Both the Hong Kong and mainland Chinese offices released identical statements acknowledging the cheating, stating that they promptly investigated the matter, took remedial action and, reported the issue to the PCAOB and cooperated with U.S. officials, stating their commitment to meeting high standards in the future.
In a separate case, the PCAOB penalized a mainland Chinese accounting firm, Shandong Haoxin, and four of its associates for violations, including issuing a false audit report and improperly claiming the work of another accounting firm as their own.
Shandong Haoxin and its associates were fined a total of $940,000, with the individuals barred from associating with a registered public accounting firm for a specified period.
Shandong Haoxin expressed full cooperation with investigations and pledged to adhere to both U.S. and Chinese regulations in its auditing services for Chinese companies going public in the United States.
Highly Regrettable
‘Highly regrettable’ was the term used in a joint statement from PwC’s Hong Kong and Chinese branches, expressing deep disappointment that employees had shared test answers.
PwC conveyed that they have subsequently stressed to their entire workforce the policies governing appropriate conduct during online training sessions and the importance of ethical and responsible utilization of emerging technology.
In 2021, the PCAOB imposed a $450,000 fine on KPMG Australia for “widespread” cheating on tests aimed at ensuring partners and staff uphold integrity and possess the necessary skills for their roles.
The regulatory body found that over 1,100 KPMG partners and staff were involved in improper answer-sharing during training tests from at least 2016 to early 2020.
The PCAOB oversees firms globally that audit companies listed on U.S. exchanges and was established two decades ago in the aftermath of Enron’s collapse.
PwC India Sets Sights on ₹9,000 Crore Revenue Milestone
While PWC China has come under scrutiny, in sharp contrast PwC India is poised to achieve a historic financial milestone as it anticipates crossing the ₹9,000 crore revenue mark in the current fiscal year.
The Chairperson, Sanjeev Krishan, is confident in this significant achievement, attributing it to a robust growth trajectory witnessed across all business segments.
Impressive Growth Across Diverse Service Lines
PwC India reported remarkable growth rates exceeding 20% individually in assurance, tax, and advisory services, with the advisory segment leading the way.
The success is attributed to the effectiveness of the ‘new equation strategy’ implemented in August 2021, reflecting a strategic shift that has exceeded the company’s initial aspirations.
Exceeding Aspirations and Workforce Expansion
Originally aiming for a revenue target of $1 billion and a workforce expansion to 25,000 individuals, PwC India has surpassed these ambitious goals; with a current staff strength of 27,000, the company is on track to meet its revenue target by the end of the fiscal year.

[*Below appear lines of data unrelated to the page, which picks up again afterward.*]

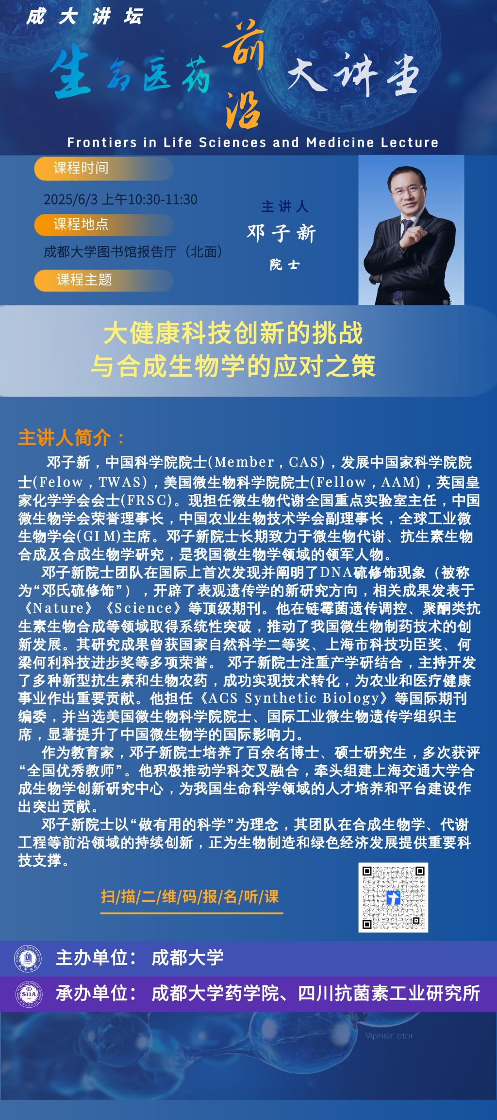 【生命医药前沿大讲堂】邓子新:大健康科技创新的挑战与合成生物学的应对之策
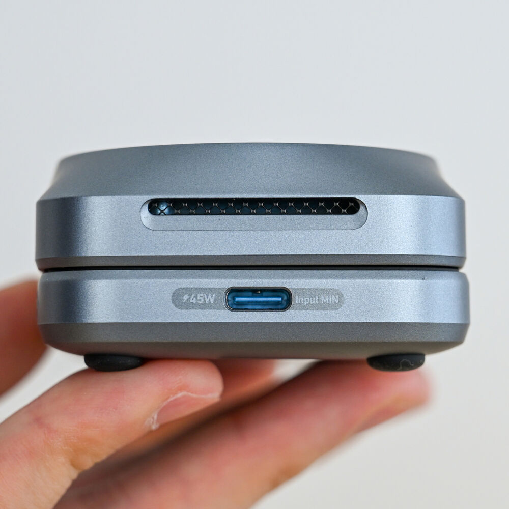 天面にはUSB-C入力ポートとエアフロー用スリットを配しています。
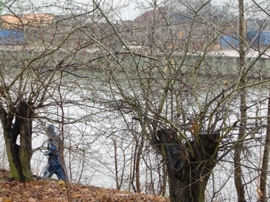 ohne Blätter, es ist alles so durchsichtig geworden. Es hat Pfützen
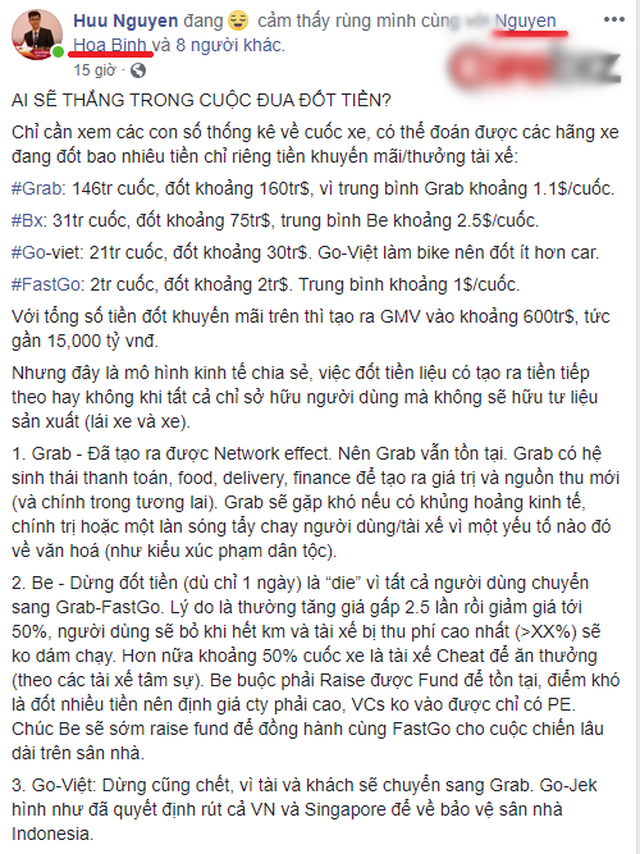 Mới đây, CEO Fastgo - một startup trong hệ sinh thái NextTech của Shark Bình vừa đăng tải trên trang facebook cá nhân về công chuyện "Ai sẽ thắng trong cuộc đua đốt tiền" thậm chí còn công bố tổng tiền của một loạt đối thủ trong lĩnh vực gọi xe Việt Nam.
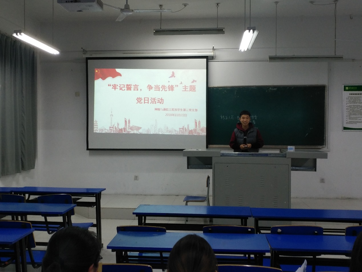 11月22日,網絡與通信工程系學生第二黨支部在YF1106教室舉辦了“牢記誓言,爭當先鋒”的主題黨日活動,全體支部在校黨員參加了此次活動,獲此活動由陳波波同志主持。
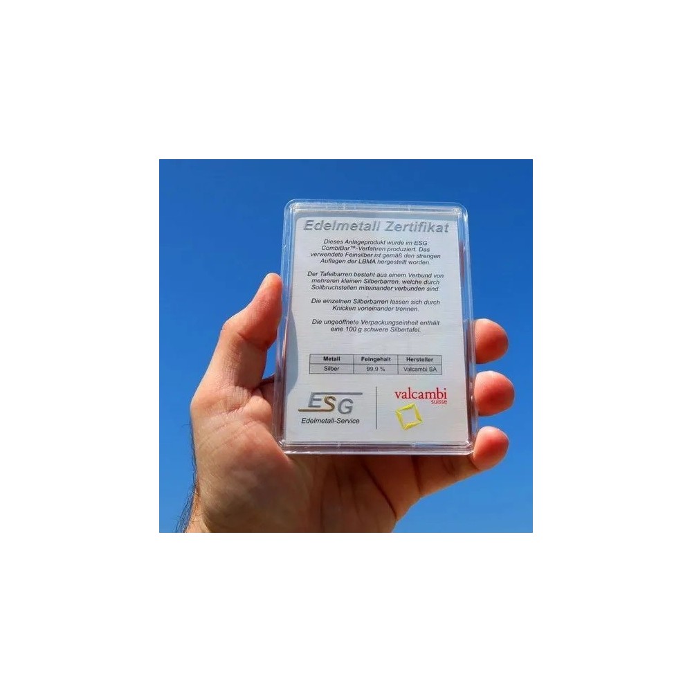 Ogni lingotto è certificato da Valcambi e sarà accettato sempre e ovunque per il suo valore d'argento. Ogni CombiBar™ d'argento Valcambi da 100 g è sigillato in una confezione in PETG che contiene un certificato di saggio numerato in serie.
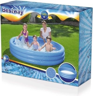 Uživajte v poletju s kompakt nim in enostavno sestavljivim bazenom BESTWAY s premerom 183 cm. Zahvaljujoč trem napihljivim obročem, odpornemu vinilu in varnostnim ventilom je idealen za osvežitev otrok na vrtu. Priložena je tudi popravna zaplata za brezskrbno uporabo.
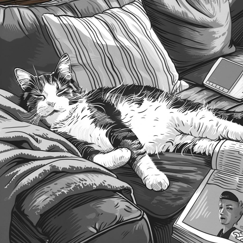 처음엔 네가 좀 주저했어. 소파는 네가 가장 좋아하는 장소였으니까. 하지만 곧 너는 나의 의지를 꺾을 수 없다는 것을 알게 되었어. 나는 소파 위에서 낮잠을 즐기기 시작했고, 그곳에서 내가 편안함을 느끼는 모습을 너도 좋아하게 되었지.

In light of heightened competition and an increasing corporate appetite for technology-driven services, PwC India has adopted a strategic approach focused on four key sectors, four platforms, five competencies (including cloud, digital, and cyber), and global capability centers (GCCs) and managed services.
In response to evolving market trends and client feedback in the post-Covid landscape, PwC India has also refined its market approach – prioritizing high-priority clients, adopting a sector-led approach, and strategically targeting captive opportunities.
PwC India’s strategic alliances with industry giants like Oracle and SAP, coupled with the acquisition of Venerate Solutions, have also greatly contributed to its tech-driven services space. The firm indicated substantial growth in the transformation business and risk service line, riding the wave of digital transformation.
PwC India has also increased its investment budget from 5% to 10% of revenue over the last three years, and the firm has pledged over ₹600 crores for employee training and development in the next three years.